【LeeCode】14. 最长公共前缀

【题目描述】

编写一个函数来查找字符串数组中的最长公共前缀。

如果不存在公共前缀，返回空字符串 ​​""​​。

​​​​https://leetcode.cn/problems/longest-common-prefix/description/​​

【示例】

【代码】官方:​​推荐​​

从前往后遍历所有字符串的每一列，比较相同列上的字符是否相同，如果相同则继续对下一列进行比较，如果不相同则当前列不再属于公共前缀，当前列之前的部分为最长公共前缀。

class Solution {
    public String longestCommonPrefix(String[] strs) {
        if (strs == null || strs.length == 0) return  "";

        int len = strs[0].length();
        int count = strs.length;
        for (int i = 0; i < len; i++) {
            char c = strs[0].charAt(i);
            for (int j = 1; j < count; j++){
                // 这里有一个判字符为空的场景
                if (i == strs[j].length() || strs[j].charAt(i) != c){
                    System.out.println(strs[0].substring(0, i));
                    return strs[0].substring(0, i);
                }
            }
        }
        return strs[0];
    }
}

【代码】官方2

思路： 依次遍历字符串数组中的每个字符串，对于每个遍历到的字符串，更新最长公共前缀，当遍历完所有的字符串以后，即可得到字符串数组中的最长公共前缀。

package com.company;
// 2023-01-02

class Solution {
    public String longestCommonPrefix(String[] strs) {
        if (strs == null || strs.length == 0) return  "";

        String prefix = strs[0];
        int len = strs.length;
        for (int i = 1; i < len; i++) {
            prefix = check(prefix, strs[i]);
            if (prefix.length() == 0){
                break;
            }
        }
        return prefix;
    }
    
    // 2个字符串依次迭代进行判断
    public String check(String s1, String s2){
        // 返回最长的公共字符串
        int len = Math.min(s1.length(), s2.length());
        int index = 0;
        while (index < len && s1.charAt(index) == s2.charAt(index)){
            index++;
        }
        return s1.substring(0, index);
    }
    
}
class Test{
    public static void main(String[] args) {
        new Solution().longestCommonPrefix( new String[]{"flower","flow","flight"});  // "fl"
        new Solution().longestCommonPrefix( new String[]{"cir","car"});               // "c"
        new Solution().longestCommonPrefix(new String[]{"dog","racecar","car"});      // ""
        new Solution().longestCommonPrefix(new String[]{"reflower","flow","flight"}); // ""
        new Solution().longestCommonPrefix(new String[]{"dog","racecar","car"});        // ""
        new Solution().longestCommonPrefix(new String[]{""});            // ""
        new Solution().longestCommonPrefix(new String[]{"a"});           // "a"
        new Solution().longestCommonPrefix(new String[]{"ab", "a"});     // "a"
        new Solution().longestCommonPrefix(new String[]{"",""});         // ""
    }
}

【代码】admin

这里有个关键就是，前缀, 而非公共字符串 所以需要找一个最小的不为空的字符来进行一次比较 如果第一个字符都不一样, 那就没有公共的前缀

这里很多需要判断的地方， 如果字符串数组的长度是1，则直接返回即可(无论是空字符还是单个字符串)

还要判断字符串数组中是否有空字符串, 如果有空字符串,则直接返回空即可“”

思路： 找到最小的、合法字符串, 把数组转list 然后轮训判断min的每个字符是否存在于其他字符串中

PS： 看了其他的解法, 其实依次迭代进行对比就行, 还比较简单。
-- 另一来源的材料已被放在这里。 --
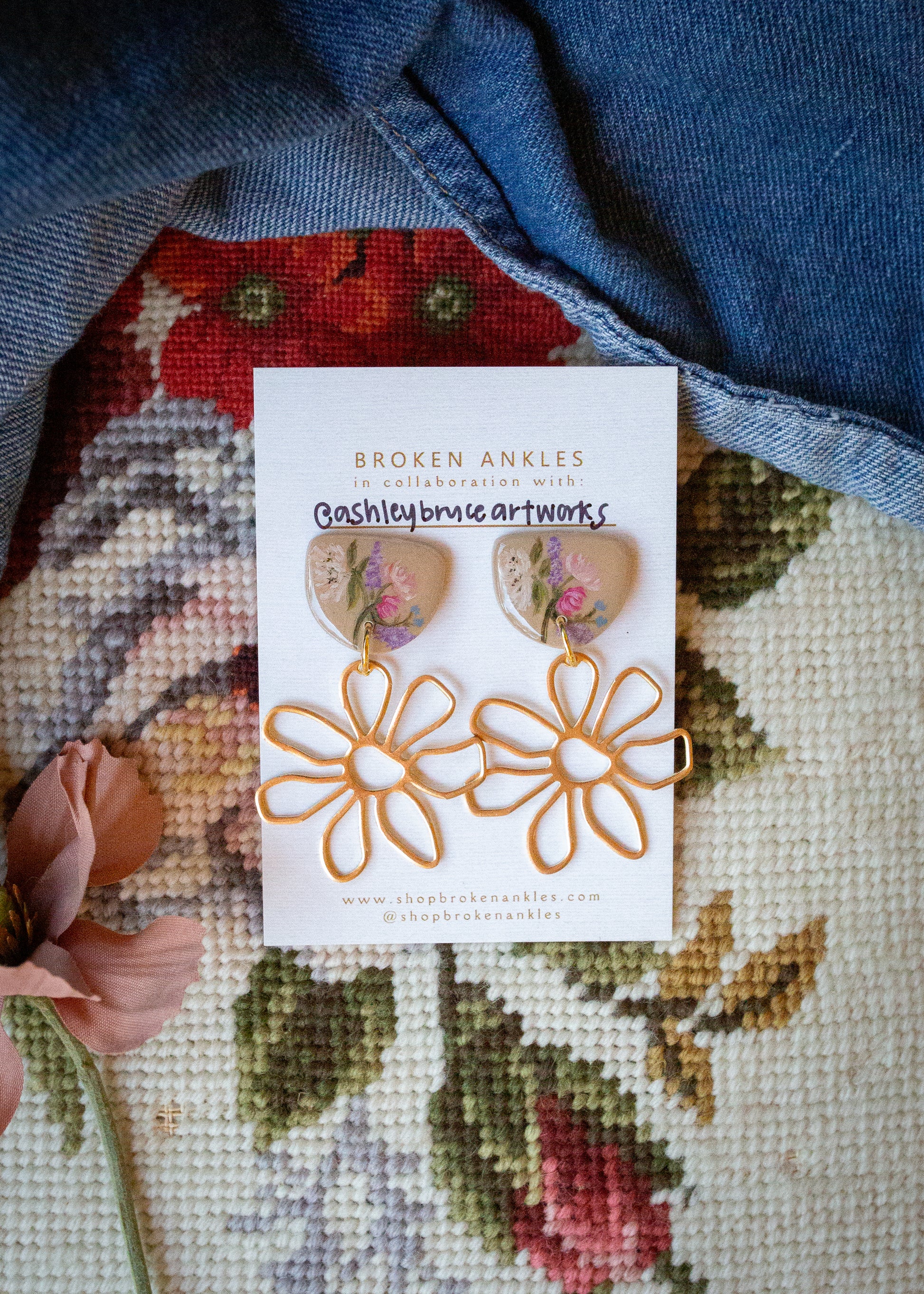 These earrings are handmade in Woodstock, GA. They are made from Polymer Clay, hand printed by @Ashleybruceartworks, and sealed with a resin finish. They are very light and can add the perfect pop of color to an outfit.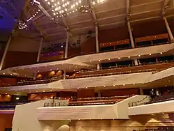 Construction of the hall was a joint venture between Manchester City Council and the Central Manchester Development Corporation who obtained funding from the European Regional Development Fund.[5] The architects were RHWL and the builders were John Laing.[9] The acoustics were designed by Rob Harris of Arup Acoustics; his colleagues at Arup were the building engineers.[7] The Bridgewater Hall can seat 2,341 people over four tiers in the auditorium: the stalls, choir circle, circle, and gallery.[10]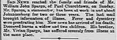 Obed Thomas Spargo and Nellie Tippet married on the 8th October 1900 in Paul Church. Obed sailed to South Africa on the 3rd December, two months after the wedding.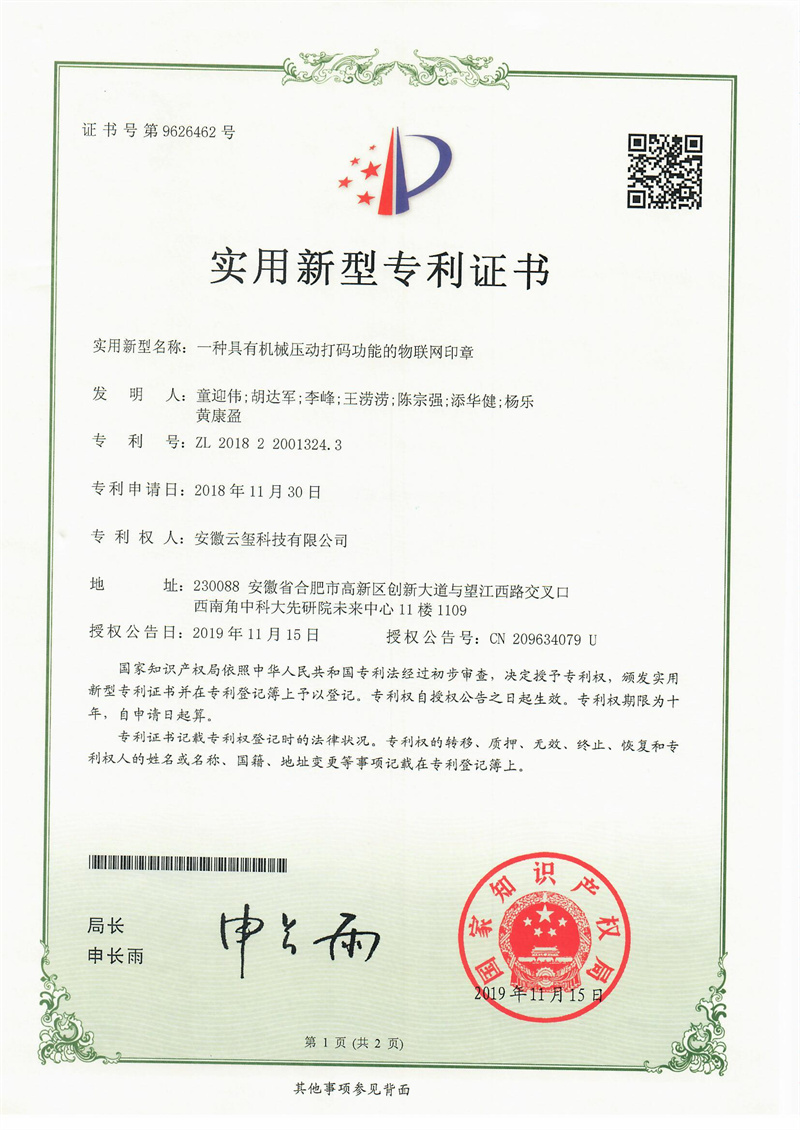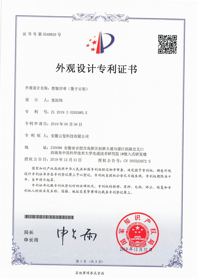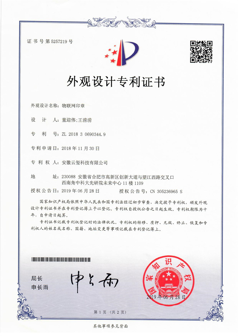 公司原創(chuàng)發(fā)明一體式智能印章技術,引領國內外新一代智能印簽創(chuàng)新變革。獲中日韓多項發(fā)明專利,徹底解決了實體印章和電子印簽管控的社會難題,獲國務院國資委全國央企熠星二等獎。公司聯(lián)合國家信息安全產(chǎn)品認證中心、公安部三所、信通院、中國印章協(xié)會等,主導起草了行業(yè)首個智能印章安全認證標準和智能印章產(chǎn)品標準,引領了智能印章行業(yè)發(fā)展。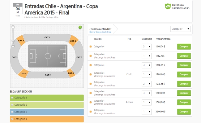 El próximo domingo 4 de julio, Argentina y Chile se verán las caras en la final de la Copa América 2015. Seguramente el estadio Nacional de Santiago esté colmado de hinchas de la Roja ansiosos de levantar el primer certamen continental en la historia del país. Sin embargo, la reventa también forma parte del espectáculo y en el portal Viagogo ya hay entradas disponibles.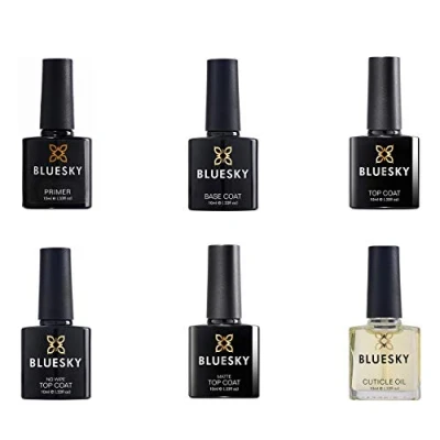 Set of 6 Essentials for the perfect gel polish Manicure - PRIMER, Base Coat, top coat, No wipe top coat, matte top coat, cuticle oil Long lasting and chip resistant, keeping your nails looking amazing for up to 14 days. Safe and easy to remove with BLUESKY Gel nail polish remover or acetone Perfect for a Christmas gift, Stocking filler, birthday gift or just to keep all to yourself! Lots more nail accessories and essentials available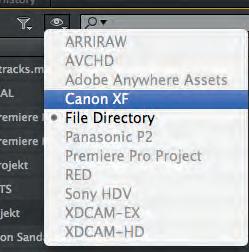3. Under symbolen av ett öga hittar du inställningsalternativ. Här är det material från en Canon XF-kamera som ska hämtas in i projektet.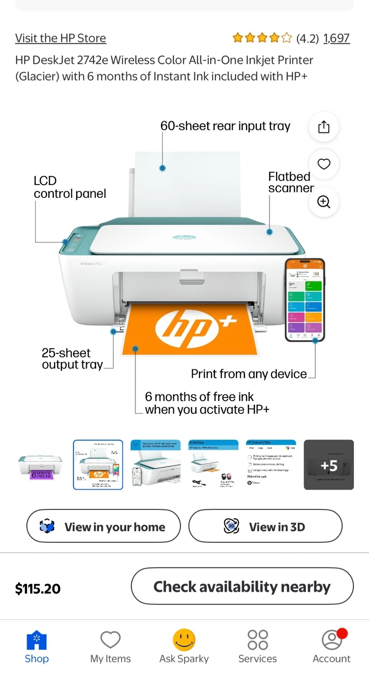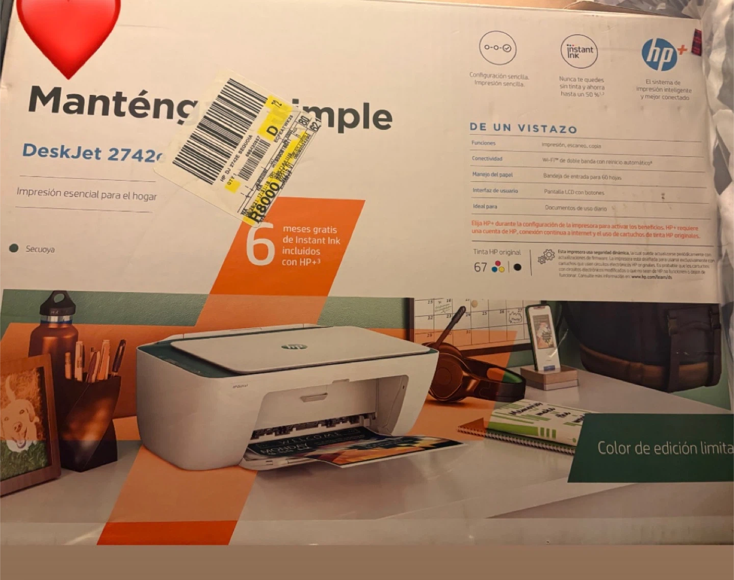 30Selling an HP DeskJet 2742e Wireless Color All-in-One Inkjet Printer. It features print, scan, and copy functions, and has Wi-Fi connectivity. The printer has a 60-sheet input tray and an LCD control panel. Great for everyday documents!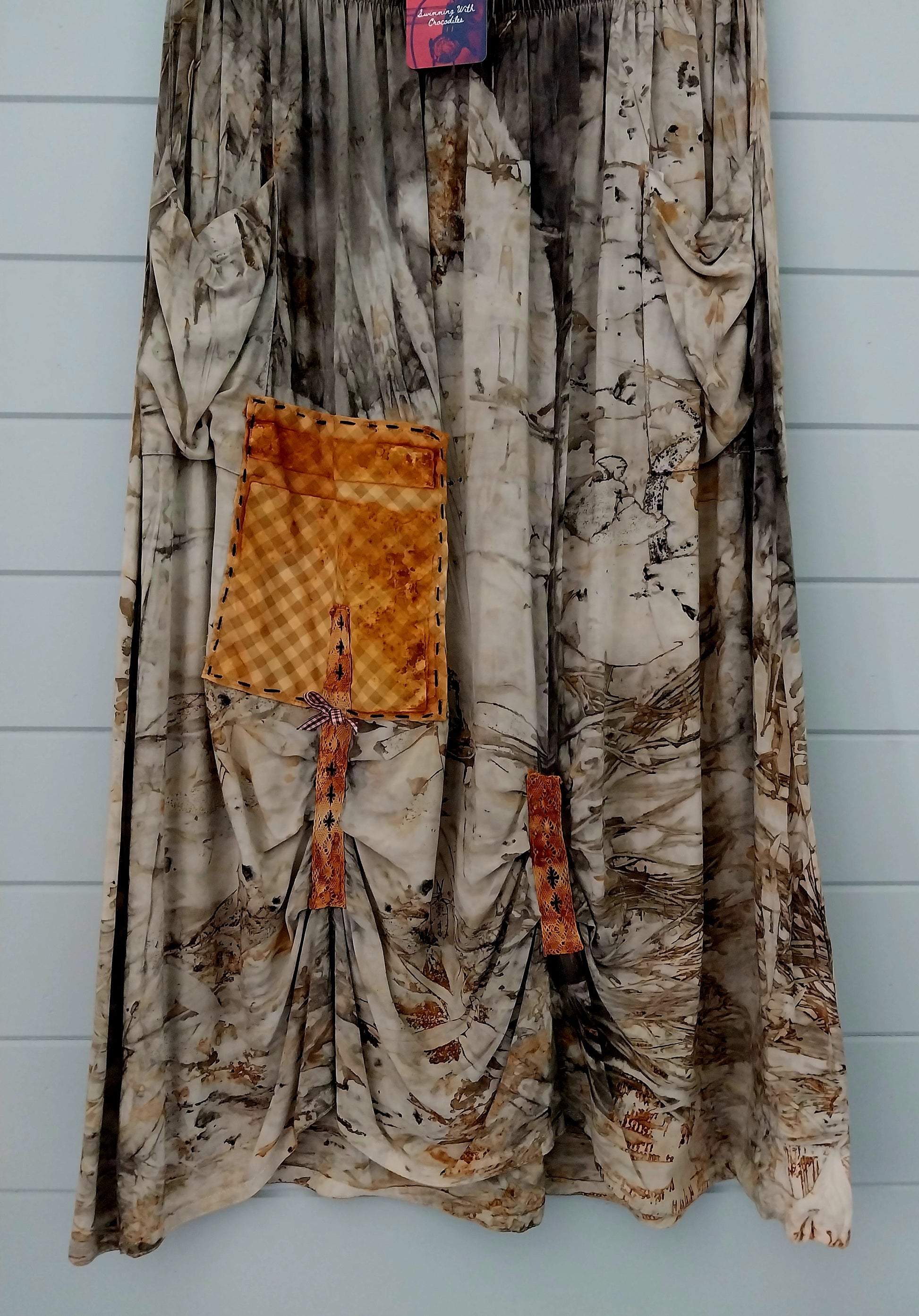 This beautiful hand dyed rayon skirt is a must have. Every skirt is hand dyed with Australian native plants and rusty car parts from the far north of Australia and then hand detailed with cute buttons and ribbons. Cool (literally) and easy to wear with big pockets these are a must have wardrobe item for summer, and a great layering piece for the cooler climates. Each Northern Hustler is a one-of-a-kind wearable piece of art with its own unique catalogue number.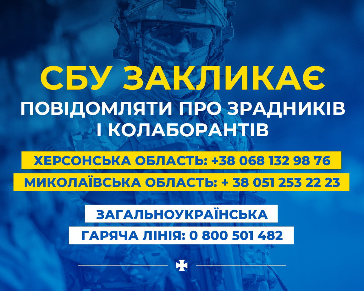 Dedicated hotlines operate in Kherson and Mykolaiv regions, through which you can report all information on traitors and collaborators who helped the enemy during the occupation:
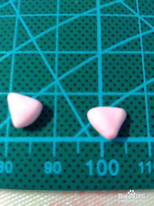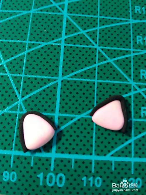 粉色粘土捏两个三角形的片,然后用黑色粘土搓成条后绕在外圈,做成喵喵的耳朵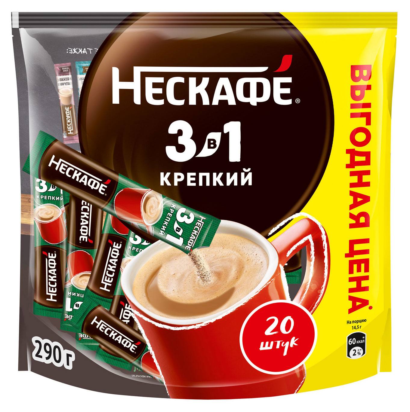 Кофейный напиток «Нескафé» растворимый 3в1 Крепкий, 20 x14,5 г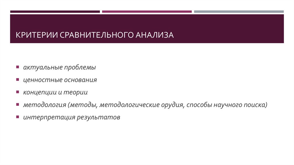 КРИТЕРИИ СРАВНИТЕЛЬНОГО АНАЛИЗАактуальные проблемы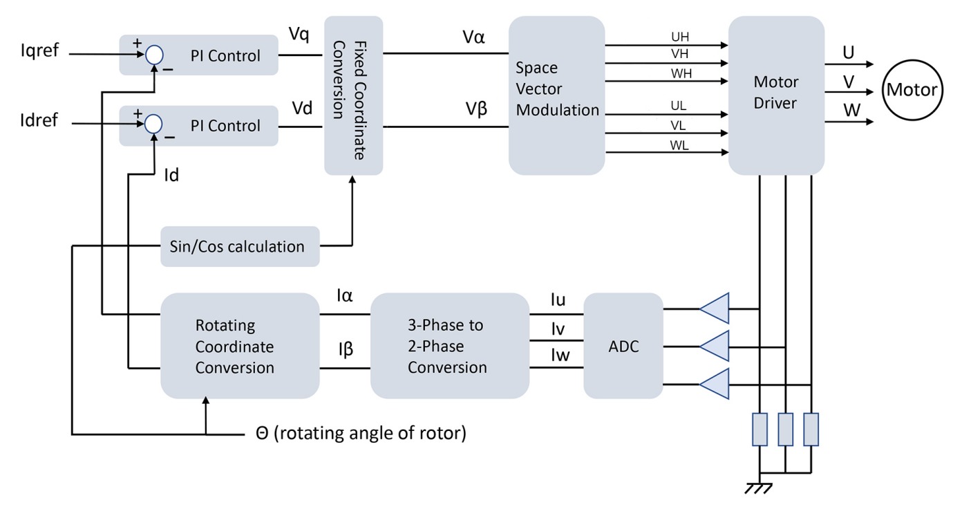 FOC 中必須知道轉(zhuǎn)子角位置才能解析 Id 和 Iq 分量。還需要測量定子繞組電流。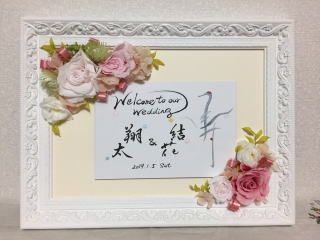 ボックスフレーム(立体額)にして命名書やお写真を立体にしたり…お部屋の雰囲気に合わせて、長く飾れるインテリアとしての命名書もお作りいたします。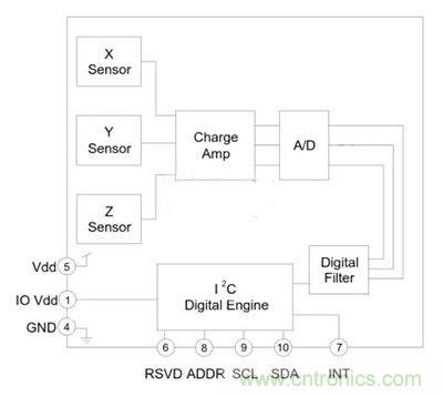 圖2:Kionix公司KXCJ9矽加速度計容納於在從第二貼合晶片在晶片級別創建一個密閉的腔。一個單獨的信號處理ASIC上安裝有傳感元件,以進一步降低傳感器的整體尺寸,產生了3&TImes;3&TImes;0.9毫米的LGA塑料封裝從1.8操作 - 3.6伏fu直zhi流liu電dian源yuan。穩wen壓ya器qi用yong於yu保bao持chi對dui輸shu入ru電dian源yuan電dian壓ya範fan圍wei內nei恒heng定ding的de內nei部bu工gong作zuo電dian壓ya。這zhe樣yang,可ke以yi通tong過guo輸shu入ru電dian源yuan電dian壓ya的de範fan圍wei內nei穩wen定ding的de工gong作zuo特te性xing,以yi從cong供gong給gei變bian異yi去qu除chu任ren何he錯cuo誤wu,並bing消xiao除chu了le對dui外wai部bu電dian源yuan調tiao節jie,進jin一yi步bu降jiang低di了le設she計ji的de整zheng體ti尺chi寸cun。

另也不用最小的字符进行对比, 第一个就可

package com.company;
// 2023-01-02

import java.util.*;
import java.util.stream.Collectors;

class Solution {
    public String longestCommonPrefix(String[] strs) {
        // 如果只有一个字符串,则直接返回即可
        if (strs.length == 1) return strs[0];
        // 如果最小的字符串的长度是0, 则表示有为空的字符串, 直接返回空
        String min = Arrays.stream(strs).filter(x -> x.length() >= 0).min(Comparator.comparingInt(String::length)).get();
        // System.out.println("min --> " + min.length());
        if (min.length() < 1) return "" ;
        // 字符串数组转list
        List<String> collect = Arrays.stream(strs).filter(x -> x.length() > 0).collect(Collectors.toList());

        boolean flag = true;
        StringBuilder sb = new StringBuilder();

        for (int i = 0; i < min.length(); i++) {
            for (String x : collect) {
                if (x.charAt(i) != min.charAt(i)){
                    flag = false;
                }
            }
            if (flag) {
                sb.append(min.charAt(i));
            }else {
                System.out.println(sb.toString());
                return sb.toString();
            }
        }

        System.out.println(sb.toString());
        return  sb.toString();
    }
}
class Test{
    public static void main(String[] args) {
        new Solution().longestCommonPrefix( new String[]{"flower","flow","flight"});  // "fl"
        new Solution().longestCommonPrefix( new String[]{"cir","car"});               // "c"
        new Solution().longestCommonPrefix(new String[]{"dog","racecar","car"});      // ""
        new Solution().longestCommonPrefix(new String[]{"reflower","flow","flight"}); // ""
        new Solution().longestCommonPrefix(new String[]{"dog","racecar","car"});        // ""
        new Solution().longestCommonPrefix(new String[]{""});            // ""
        new Solution().longestCommonPrefix(new String[]{"a"});           // "a"
        new Solution().longestCommonPrefix(new String[]{"ab", "a"});     // "a"
        new Solution().longestCommonPrefix(new String[]{"",""});         // ""
    }
}

【代码】admin

思路1： 找到最小的字符, 然后判断字符c是否每个字符串都包含，但这里有个问题就是 如果类似 ”reflow”,"flow" 就会导致发现公共字符串，而并非最长公共前缀；  本例通过率  103/124

package com.company;
// 2023-01-02

import java.util.*;
import java.util.stream.Collectors;

class Solution {
    public String longestCommonPrefix(String[] strs) {
        String min = Arrays.stream(strs).min(Comparator.comparingInt(String::length)).get();
        List<String> collect = Arrays.stream(strs).collect(Collectors.toList());
        StringBuilder sb = new StringBuilder();
        int index = 0;
        for (int i = 0; i < min.length(); i++){
            boolean flag = true;
            char c = min.charAt(i);
            for (String x : collect) {
                if (x.indexOf(c) < 0 ){
                    index = -1;
                    flag = false;
                    break;
                }
            }
            if (flag && index != -1)
                sb.append(c);
        }
        System.out.println(sb.toString());
        return sb.toString();
    }
}
class Test{
    public static void main(String[] args) {
        new Solution().longestCommonPrefix( new String[]{"flower","flow","flight"});  // "fl"
        new Solution().longestCommonPrefix( new String[]{"cir","car"});  // ""
        new Solution().longestCommonPrefix(new String[]{"dog","racecar","car"});      // ""
    }
}